## Assignment
In the data below, find each line carrying the string "DataPower" and copy it out.

*** Input Section Begins ***

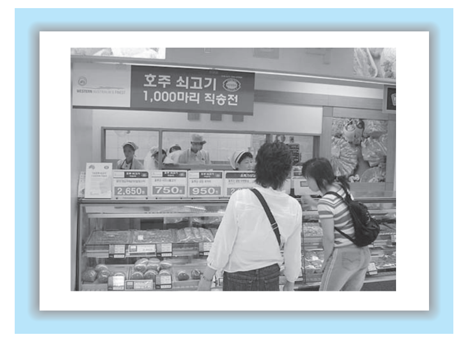
Figure 8.3 Western Australian meat merchandised in Korea

position new products in these preferred positions sales will be positively influenced (Figure 8.3).
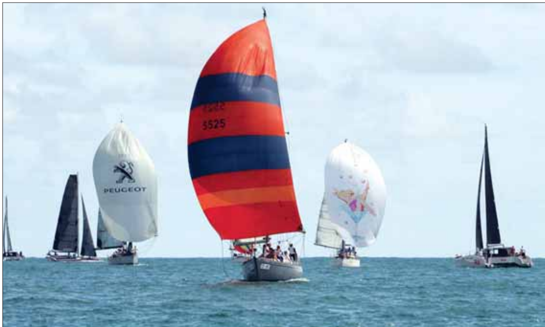
Remington on their way to winning the Cruising/Charter class on Race Day 4.
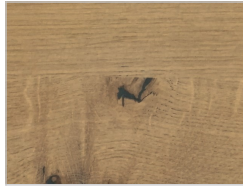
oak with knots finish: neutro
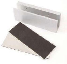
300-20002: 390 Magnetic Lock Herculite Bracket

Prices are subject to change without notice, always confirm current pricing with Parabit Sales Department prior to quoting your client.
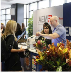
Welcome Sponsor $5,000

For sponsorship information, contact your Account Success Advisor. Email exhibitors@aem.org or Call 866-236-0442 or 414-227-0943 .
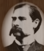
Wyatt Berry Stapp Earp March 19, 1848 – January 13, 1929 Lawman for Dodge City, Deadwood, and Tombstone King Solomon Territorial Masonic Lodge No. 5
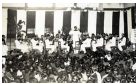
POWs in Bando detention playing the symphony

to buy even the essential goods for life. They thus heavily depended on money and valuables from their relatives and friends back home, for which the ICRC played a vital role in transfer. The goods collected by the ICRC's Central Agency for POWs in Geneva were then sent to The Committee for POWs established by the Japanese Red Cross Society, and to the POWs through the cooperation with the Japanese Imperial Information Office of POWs. With this financial support from their families and friends abroad, soldiers could buy alcohol and cigarettes and enjoy them with other prisoners.
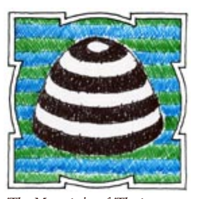
'The Mountain of 'That which was always there'. Nights and days layer into the confused and tangled pile of obduracy that is a 'Place'.
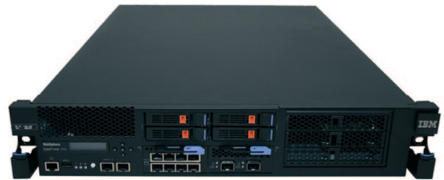
IBM WebSphere DataPower Integration Appliance XI52

IBM WebSphere DataPower appliances are designed to maintain the highest levels of reliability. These IBM appliances help you untangle the costly and debilitating IT complexity that is associated with point-to-point connectivity and integration, application and data security, API management and security, and enterprise mobility. Experience an appliance that helps you make the most of your existing infrastructure investments. The IBM WebSphere DataPower Integration Appliance XI52 delivers operational cost savings by providing advanced integration and security capabilities without any changes to your existing applications, resulting in rapid time-to-value on your investment.
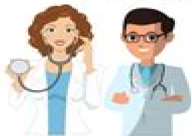
Consult with your Physician
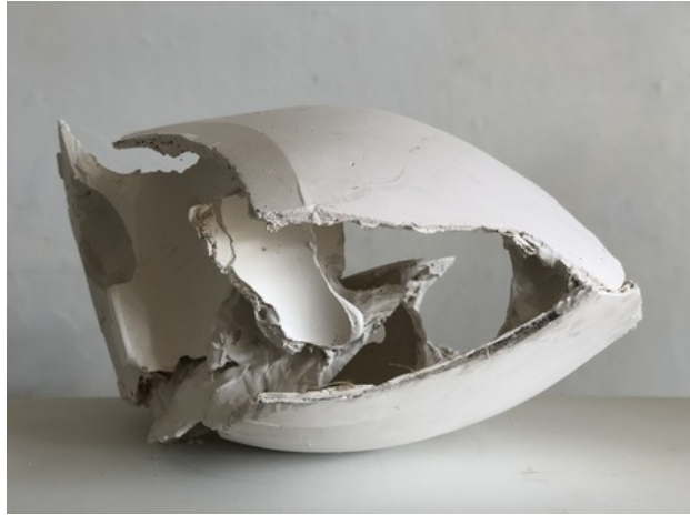
headhouselight 011, 2019 plaster, 70 x 80 x 35cm.
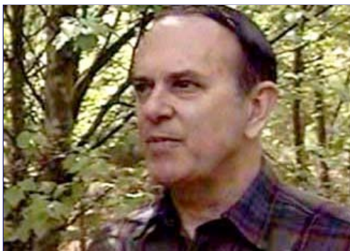
Col. Charles I. Halt (Ret.), former Deputy Base Commander at RAF Bentwaters, England, December 1980, photographed in Rendlesham Forest during 2007 TV production.

“I wish to make it perfectly clear that the UFOs that I saw were structured machines moving under intelligent control and operating beyond the realm of anything I have ever seen before or since. I believe the objects that I saw at close quarter were extraterrestrial in origin and that the security services of both the United States and England were and have been complicit in trying to subvert the significance of what occurred at Rendlesham by use of well-practiced methods of disinformation.”
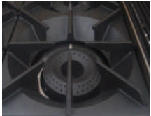
High Quality Porcelainized Top Grate
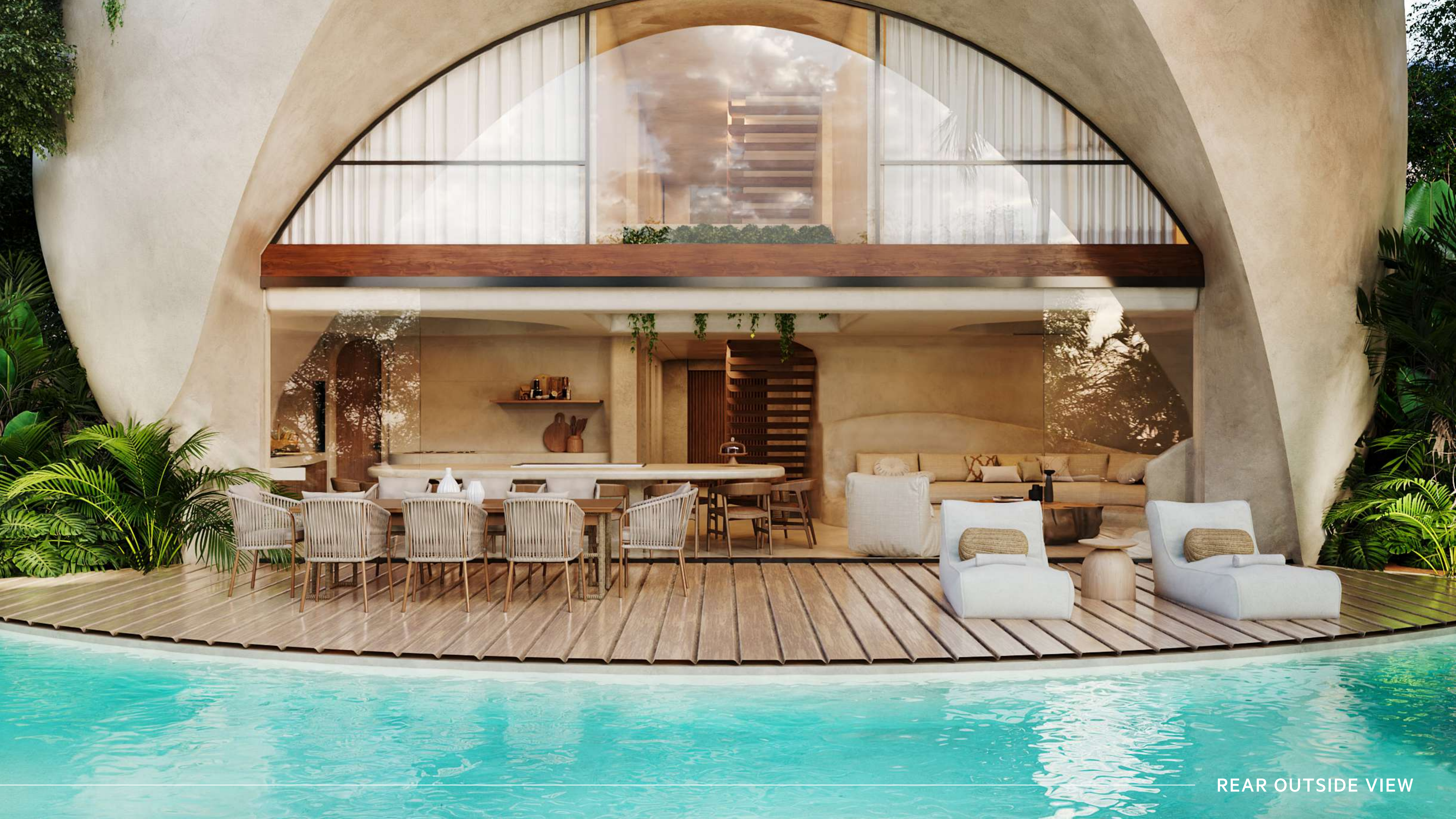
REAR OUTSIDE VIEW
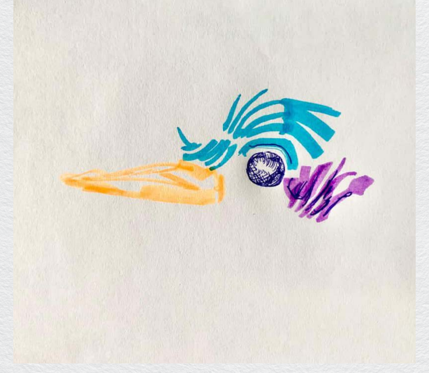
Add details to the eye and feathers using a blue pen.
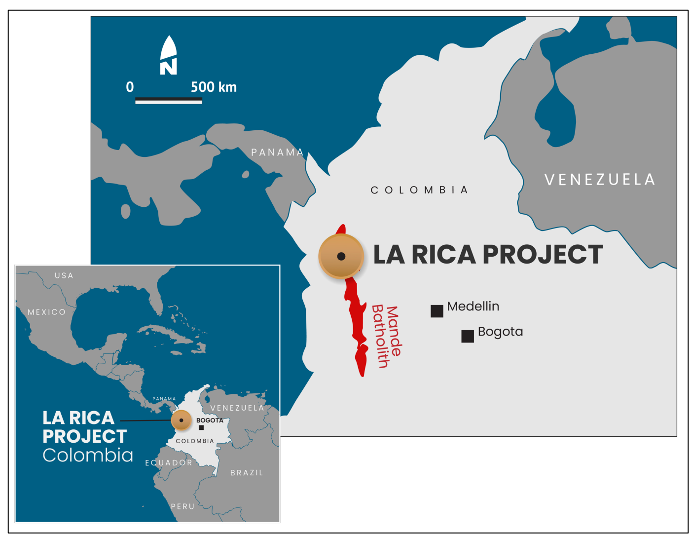
Figure 1 — La Rica location in the Mande Batholith in Colombia

The La Rica project hosts an elongate cluster of porphyry copper-gold centres containing at least four distinct porphyry centres. The outcropping mineralization comprises chalcopyrite, bornite and gold and occurs in quartz diorite porphyries with intense potassic alteration and hydrothermal magnetite. A large soil geochemical grid combined with rock and stream sediment sampling over the La Rica target displays fifteen kilometres of copper anomalism entirely within Orogen's AOI (Figure 2). The namesake La Rica zone became a focus of early work with rock sampling, 118 samples, over an area of 500 metres by 600 metres averaging 0.76% copper and 0.47 g/t gold coincident with a historic IP chargeability anomaly. There has been no historic drilling on the La Rica property.
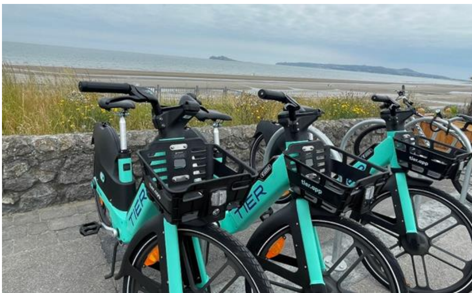
Tier ebikes available for coastal tours
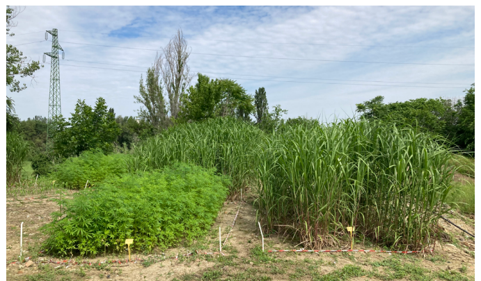
Figure 4.2: Established crops at Chiarini 2 site, Bologna, Italy
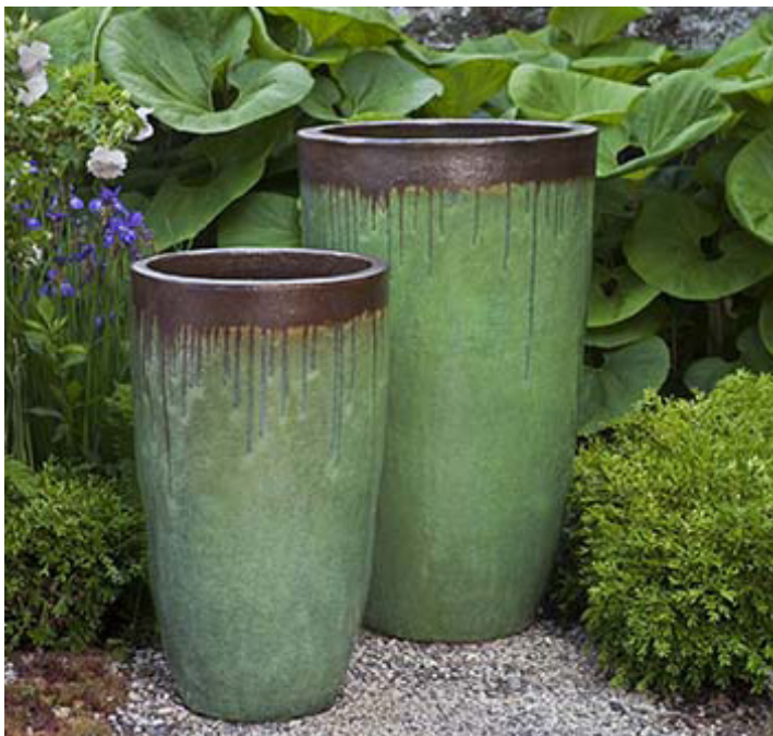
Shown in Bayou Bronze
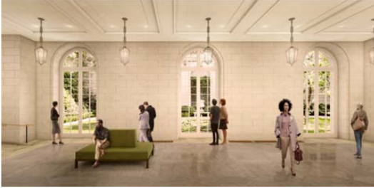
The Reception Hall overlooking the 70th Street Garden; courtesy of Selldorf Architects
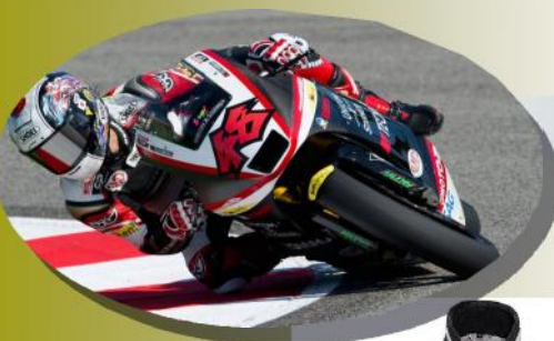
Motor bike wear
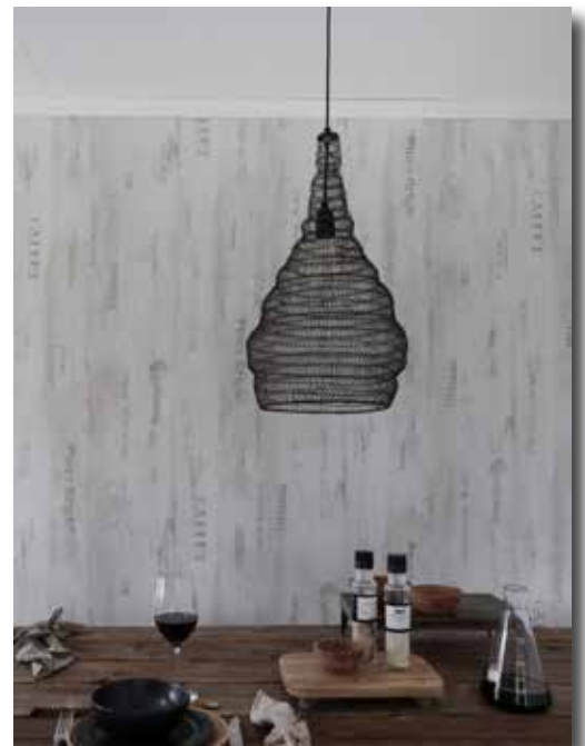
Decor 10442 Winebox light grey
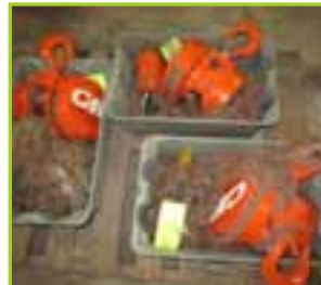
CHAIN HOIST CM HOIST 646-4627 LOT CONTAINS 3 CHAIN HOIST, CM HOIST SERIES 646, 3 TON, 20' LIFT, WITH LOCKING FINGER ON HOOK
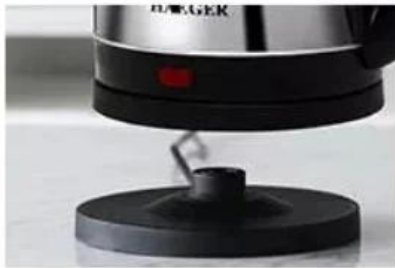
360 degree rotational base
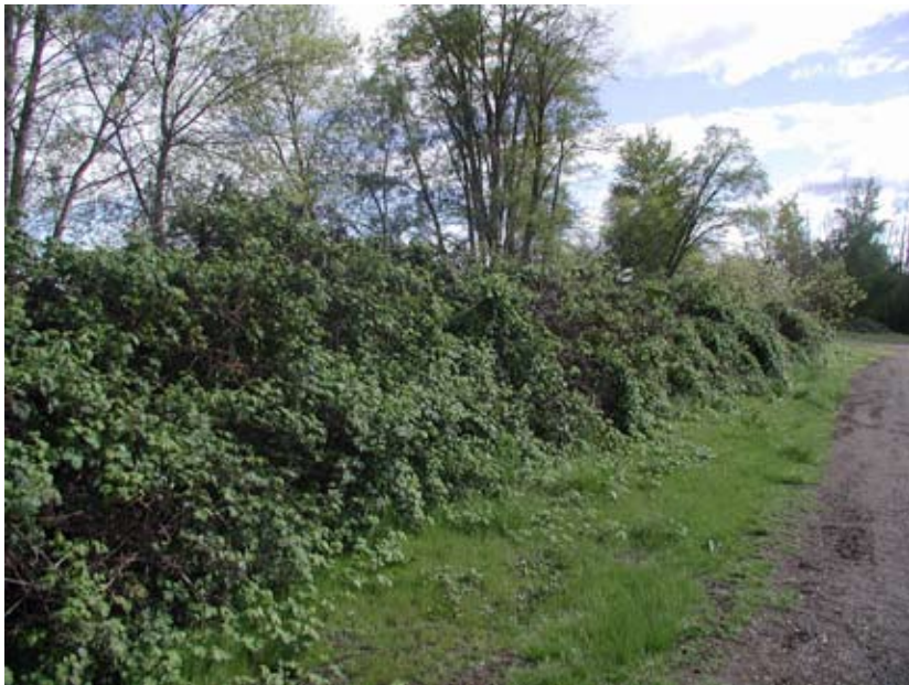
Figure 1.—If the Himalayan blackberry shown here is not checked, it could crowd out the existing trees and prevent new ones from establishing.

Another significant problem with the dominance of Himalayan blackberry is its effect on the development of streamside vegetation over time. Because of the intense competition for light, moisture, and other resources in Himalayan blackberry thickets, few new trees and shrubs can become established. Those that do are mainly root suckers of established plants. As short-lived riparian trees such as alder and black cottonwood die, they will not be replaced with younger trees (Figure 1). Thus many tree-covered riparian zones may be in danger of turning into shrub fields dominated by Himalayan blackberry.
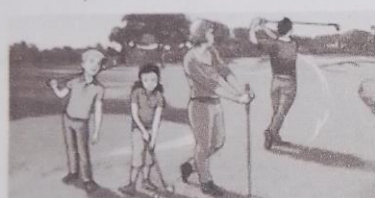
5. They played.

*** Input Section Ends ***

## Reply
IBM WebSphere DataPower Integration Appliance XI52
IBM WebSphere DataPower appliances are designed to maintain the highest levels of reliability. These IBM appliances help you untangle the costly and debilitating IT complexity that is associated with point-to-point connectivity and integration, application and data security, API management and security, and enterprise mobility. Experience an appliance that helps you make the most of your existing infrastructure investments. The IBM WebSphere DataPower Integration Appliance XI52 delivers operational cost savings by providing advanced integration and security capabilities without any changes to your existing applications, resulting in rapid time-to-value on your investment.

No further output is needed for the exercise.